---------- Data supplied ----------

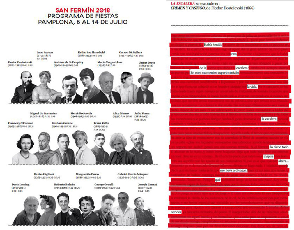 Para la maquetación del programa de fiestas de San Fermín, los editores Javier Errea (castellano) y Jon Alonso (euskera) han trabajado sobre las primeras páginas de obras de autores y creadores de la literatura universal de las que extraer su ADN sanferminero.
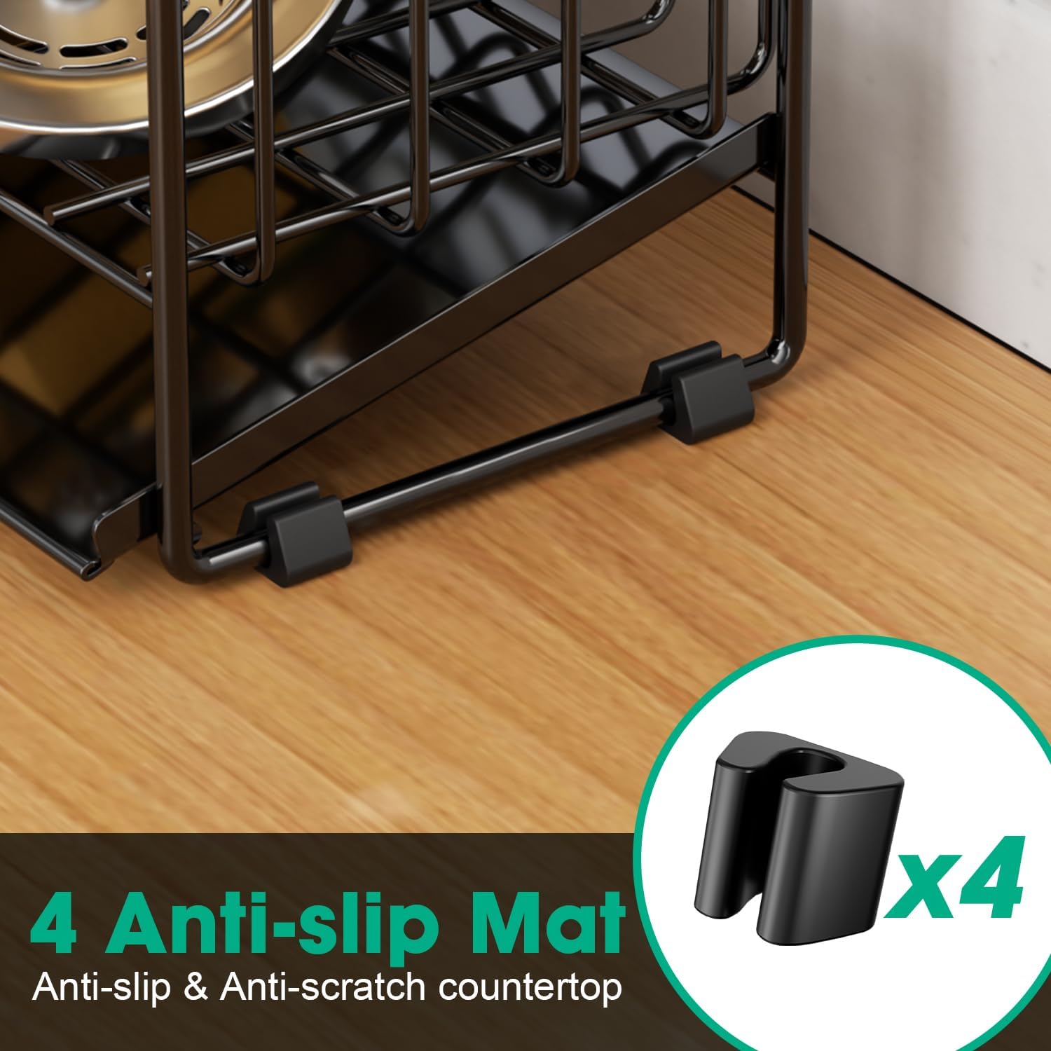 - 【High Quality and Sturdy Material】 Amawarm kitchen sink organizer is made of high quality stainless steel with strong load-bearing capacity, which can effectively prevent deformation. The surface is coated with a black rust-resistant coating, durable and rust-free for a long time.
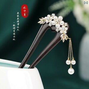 素材: 木 スタイル: レトロ.宮廷風 種類: 簪(かんざし) カラー: 単面《水中月パール花飾り簪》紫光黒檀.双面《水中月パール花飾り簪》紫光黒檀.双面《水中月》タッセルなし 黒檀木U字簪
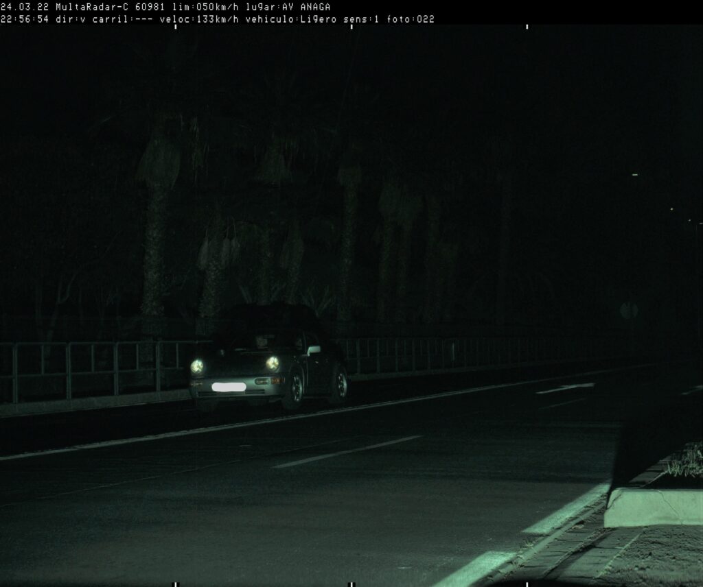El servicio de radar realizaba esa jornada uno de los controles programados mensualmente. Esa noche captaron la imagen del vehículo, en dirección hacia la Avenida Anaga, a las 22.56 horas.
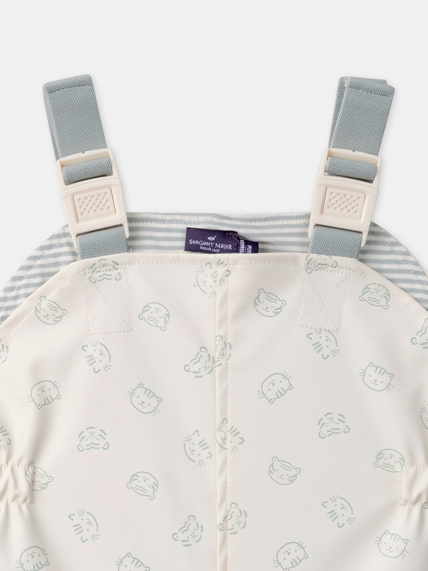 Pantalon de pluie imprimé chats vanille et vert de gris.
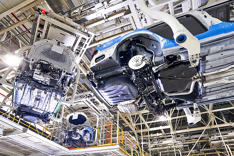 ボディシェルから車ができあがる前に、ボディシェルはその製造過程で完全オートメーションによる処理が施されていく数多くのステーションを通過します。処理ロボットがボディの正確な位置を検知できるように、複数のレーザー三角測量センサがボディへの距離を測定し、位置データをロボット制御に伝達します。
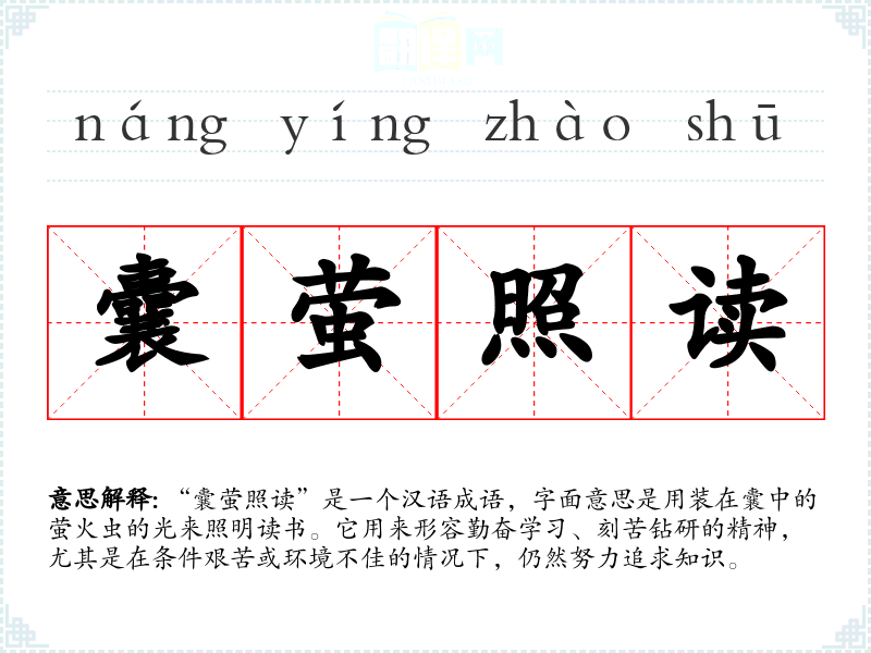 通过对“囊萤照读”的深入学,我认识到勤奋学的重要性,以及在逆境中坚持不懈的价值。这一成语不仅丰富了我的语言表达,也让我在生活中更加注重努力和坚持,激励自己不断追求知识和进步。
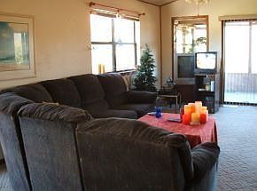 Relax in this spacious 2 bdrm home with huge screened deck and large country kitchen that opens to the living room. Within walking distance to the lake with easy access from Hwy 86, yet far enough back to be quiet %26 peaceful. 26x32 detached garage with utility sink could do double duty as a gardening shed or workshop with lots of room for the cars %26 toys. Lot is mostly level with no restrictions, so there%27s room to park your RV or boat and still have a great garden. Established, friendly neighborhood with nearby homes also on extra large lots.
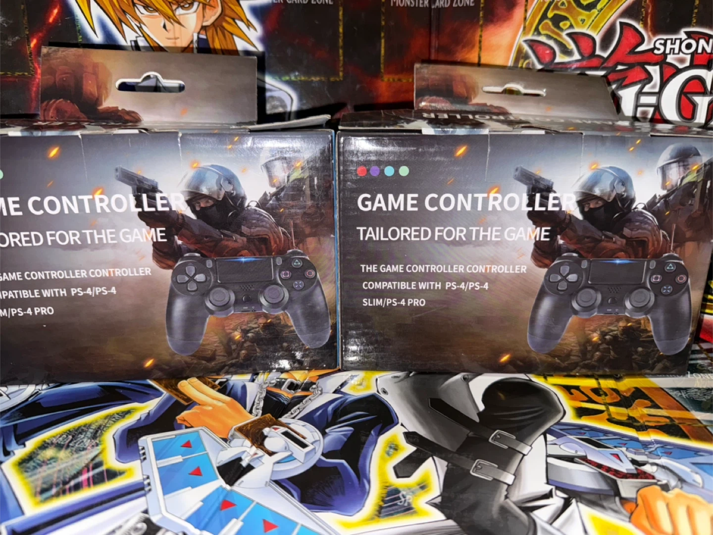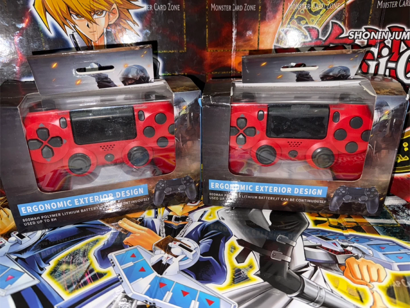 This game controller is designed for PS4. It's compatible with PS4/PS4 Slim/PS4 Pro. The red controller features an ergonomic exterior design and an 800mAh lithium battery. It can be used up to 8 hours continuously. The black controller is also designed for the game. Includes original packaging for both.
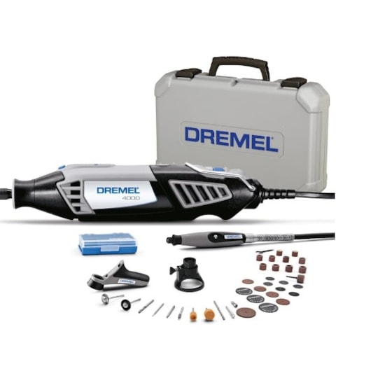 Este kit inclui a ferramenta rotativa de elevado desempenho 4000 com a nova tampa com ponta EZ Twist. Isto significa que já não é necessário usar chave para trocar os acessórios. É fornecido numa prática mala que inclui um tabuleiro de acessórios amovível.
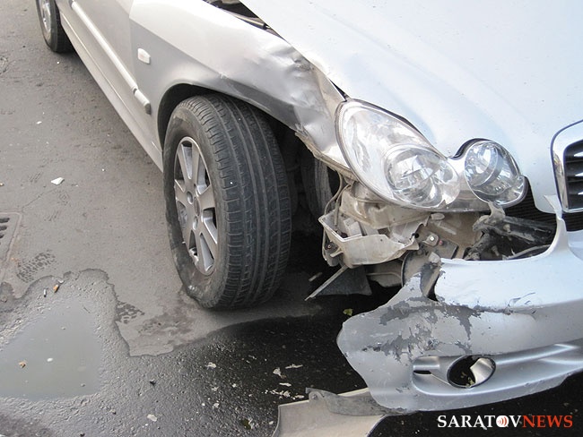 "Приора" столкнулась с грузовиком в Саратове и врезалась в ограждение
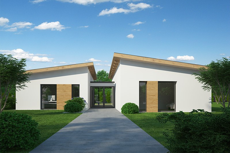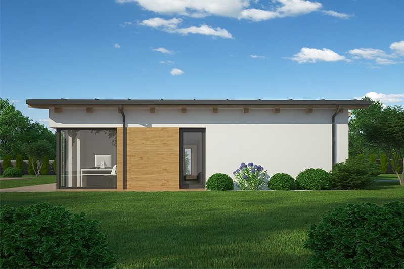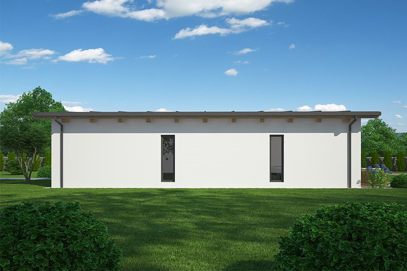 Jedná se o pohodlné bezbariérové bydlení za výhodnou cenu pro čtyřčlennou rodinu. Účelná dispozice umožňuje vytvořit chráněnou rohovou terasu. Ze zádveří se přes chodbu vstupuje přímo do společné obývací části, která je rozdělena na kuchyň s jídelnou a obývací pokoj s výstupem na terasu. Dům je určen pro rovinatý pozemek, doporučuje se, aby hlavní hřeben střechy byl rovnoběžný s osou přístupové komunikace.
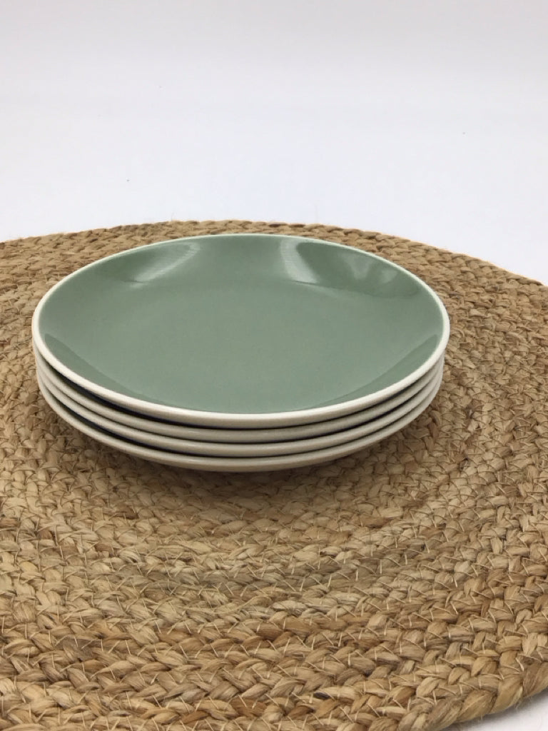 Set/4 6 1/2" Round Appetizer Plates Sage Green Persian Key Harkerware USA 1966- MCM Vintage
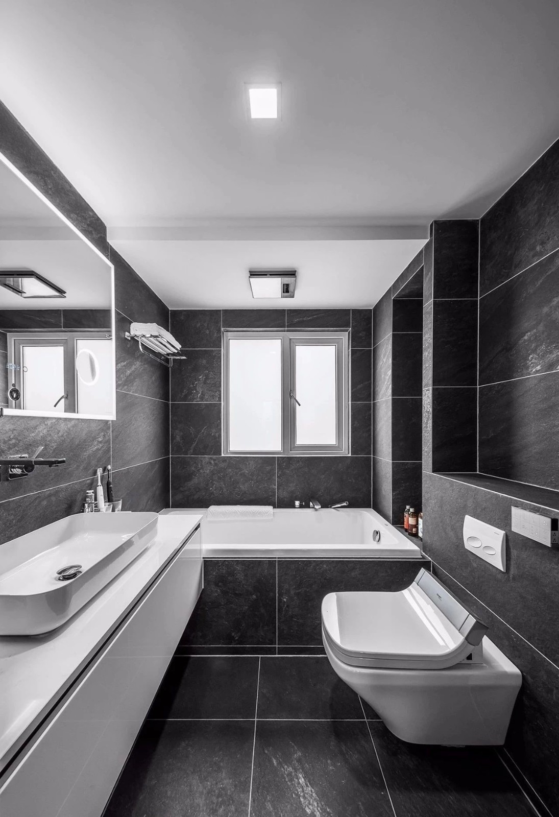 主卫墙地一体通铺黑色瓷砖,配置杜拉维特智能壁挂马桶,白色台盆柜,台上盆配置墙排龙头,时尚又现代。
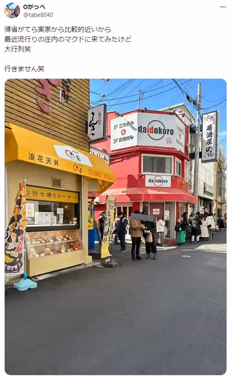 「聽說莊內站前的麥當勞成為了世界級的觀光地,所以我也來湊熱鬧。結果還真的像是世界級觀光地一樣,排隊排得有夠誇張。最後我去吃了對面的咖喱飯了。」
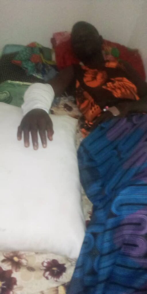 day that I started hearing gun shots from all directions on the process I was shot on my right elbow the bullet went through broke my bone and went out near my arm and later I was taken to this hospital after the bandits who were all in military three quarter shorts nickers abducted nine persons and left who are presently all in their custody I am very grateful that I am alive and recuperating”.
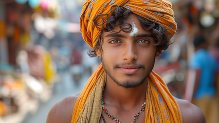 Portrait of Young Man Wearing a Traditional Orange Turban in a Busy Indian Street

----------

Restate the data word for word, minus any images.

## [Exercise solution]
 Para la maquetación del programa de fiestas de San Fermín, los editores Javier Errea (castellano) y Jon Alonso (euskera) han trabajado sobre las primeras páginas de obras de autores y creadores de la literatura universal de las que extraer su ADN sanferminero.
 - 【High Quality and Sturdy Material】 Amawarm kitchen sink organizer is made of high quality stainless steel with strong load-bearing capacity, which can effectively prevent deformation. The surface is coated with a black rust-resistant coating, durable and rust-free for a long time.
 素材: 木 スタイル: レトロ.宮廷風 種類: 簪(かんざし) カラー: 単面《水中月パール花飾り簪》紫光黒檀.双面《水中月パール花飾り簪》紫光黒檀.双面《水中月》タッセルなし 黒檀木U字簪
El servicio de radar realizaba esa jornada uno de los controles programados mensualmente. Esa noche captaron la imagen del vehículo, en dirección hacia la Avenida Anaga, a las 22.56 horas.
 Pantalon de pluie imprimé chats vanille et vert de gris.
 ボディシェルから車ができあがる前に、ボディシェルはその製造過程で完全オートメーションによる処理が施されていく数多くのステーションを通過します。処理ロボットがボディの正確な位置を検知できるように、複数のレーザー三角測量センサがボディへの距離を測定し、位置データをロボット制御に伝達します。
 通过对“囊萤照读”的深入学,我认识到勤奋学的重要性,以及在逆境中坚持不懈的价值。这一成语不仅丰富了我的语言表达,也让我在生活中更加注重努力和坚持,激励自己不断追求知识和进步。
 Relax in this spacious 2 bdrm home with huge screened deck and large country kitchen that opens to the living room. Within walking distance to the lake with easy access from Hwy 86, yet far enough back to be quiet %26 peaceful. 26x32 detached garage with utility sink could do double duty as a gardening shed or workshop with lots of room for the cars %26 toys. Lot is mostly level with no restrictions, so there%27s room to park your RV or boat and still have a great garden. Established, friendly neighborhood with nearby homes also on extra large lots.
 This game controller is designed for PS4. It's compatible with PS4/PS4 Slim/PS4 Pro. The red controller features an ergonomic exterior design and an 800mAh lithium battery. It can be used up to 8 hours continuously. The black controller is also designed for the game. Includes original packaging for both.
 Este kit inclui a ferramenta rotativa de elevado desempenho 4000 com a nova tampa com ponta EZ Twist. Isto significa que já não é necessário usar chave para trocar os acessórios. É fornecido numa prática mala que inclui um tabuleiro de acessórios amovível.
 "Приора" столкнулась с грузовиком в Саратове и врезалась в ограждение
 Jedná se o pohodlné bezbariérové bydlení za výhodnou cenu pro čtyřčlennou rodinu. Účelná dispozice umožňuje vytvořit chráněnou rohovou terasu. Ze zádveří se přes chodbu vstupuje přímo do společné obývací části, která je rozdělena na kuchyň s jídelnou a obývací pokoj s výstupem na terasu. Dům je určen pro rovinatý pozemek, doporučuje se, aby hlavní hřeben střechy byl rovnoběžný s osou přístupové komunikace.
 Set/4 6 1/2" Round Appetizer Plates Sage Green Persian Key Harkerware USA 1966- MCM Vintage
 主卫墙地一体通铺黑色瓷砖,配置杜拉维特智能壁挂马桶,白色台盆柜,台上盆配置墙排龙头,时尚又现代。
 「聽說莊內站前的麥當勞成為了世界級的觀光地,所以我也來湊熱鬧。結果還真的像是世界級觀光地一樣,排隊排得有夠誇張。最後我去吃了對面的咖喱飯了。」
 day that I started hearing gun shots from all directions on the process I was shot on my right elbow the bullet went through broke my bone and went out near my arm and later I was taken to this hospital after the bandits who were all in military three quarter shorts nickers abducted nine persons and left who are presently all in their custody I am very grateful that I am alive and recuperating”.
 Portrait of Young Man Wearing a Traditional Orange Turban in a Busy Indian Street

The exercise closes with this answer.